Mr. Boslego, you highlight well key pros and cons of applying ESG filters in investing decision-making to optimize portfolio performance in the short, middle and long term via capital allocation and cash flow. Presenting both sides of ESG investing in the context of DOL’s decision based on a fiduciary rationale is good for purposes of defining and clarifying what ESG investing is and its apparent, emerging limitations (paradox? Am not clear on this based on your reasoning) given its historical policy and regulatory framework.
On the other hand, given all the downsides of using ESG screens (such as confusing it with socially responsible investing, existing conflicting definitions by practitioners , selecting the appropriate ESG indicators, challenging risk management scenarios and modeling, using classical investment theory, measuring and reporting correctly and timely social and environmental impacts , etc.), the ESG approach remains as the only viable and gradual, and admittedly incremental acceptance, in measuring and holding accountable U.S. corporate and institutional investors of their responsibility to society to do good while monetizing the externalities of our market-based economic system in an equitable and inclusive manner by maximizing stakeholder value. Note: Dr. Friedman’s view and work aimed at maximizing stockholder value as being the sole purpose of an enterprise is out of date and was only relevant for a short period of time when communism and socialism were the 800 lb gorilla in the room and inclusiveness, diversity and equity were but words in our lips instead of embedded in our group and individual psychological DNA as national, existential imperative.

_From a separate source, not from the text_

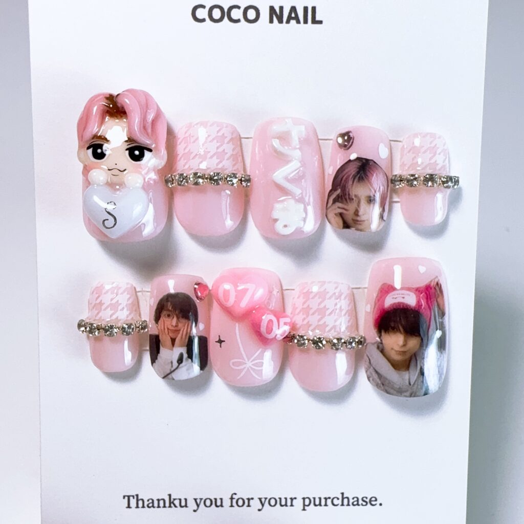 自爪から少し長さがあるネイルチップですが、角があるため少し引っかかりやすい形ではあります。ですが、範囲が広くアートの幅も広がるのと強度があり壊れにくい形になります。3Dは人物がハート持ったものを乗せることができます。

Here is an idea: Perhaps there should be an ESG Exchange which would include socially responsible companies, opportunity zone funds, investment firms offering ESG themes, equity/debt impact funds focusing on any or all of the E, S and Gs, e.g., Blackrock and securities houses offering green bonds. The Exchange would also include B companies, sustainable enterprises and others that offer services and products aimed at reducing social, environmental and governance gaps in the U.S. to begin with. Incidentally, I would add to the ESG another “E” at the beginning as such …or EESG…. so that it is clear that economic impact such job creation/retention, household incomes and net worth, business startups, community investing/lending etc. are addressed. Example: Long Term Exchange and/or the option of creating exchanges based on ethnicity, cast, gender/preference, etc. is the way to go such as the Dream Exchange.
Bottom line: We must begin to think and do out of the box NOW. New investment paradigms need to be created to reach the goal of accelerating the presence of institutional justice culture and an economically equitable society. Is ESG the only vehicle to get there? Definitely not! However, for now, that is all we have until ESG becomes a well-established, non-correlated investment class from its present $34T to over $100T by 2025 instead of within the next 10 years!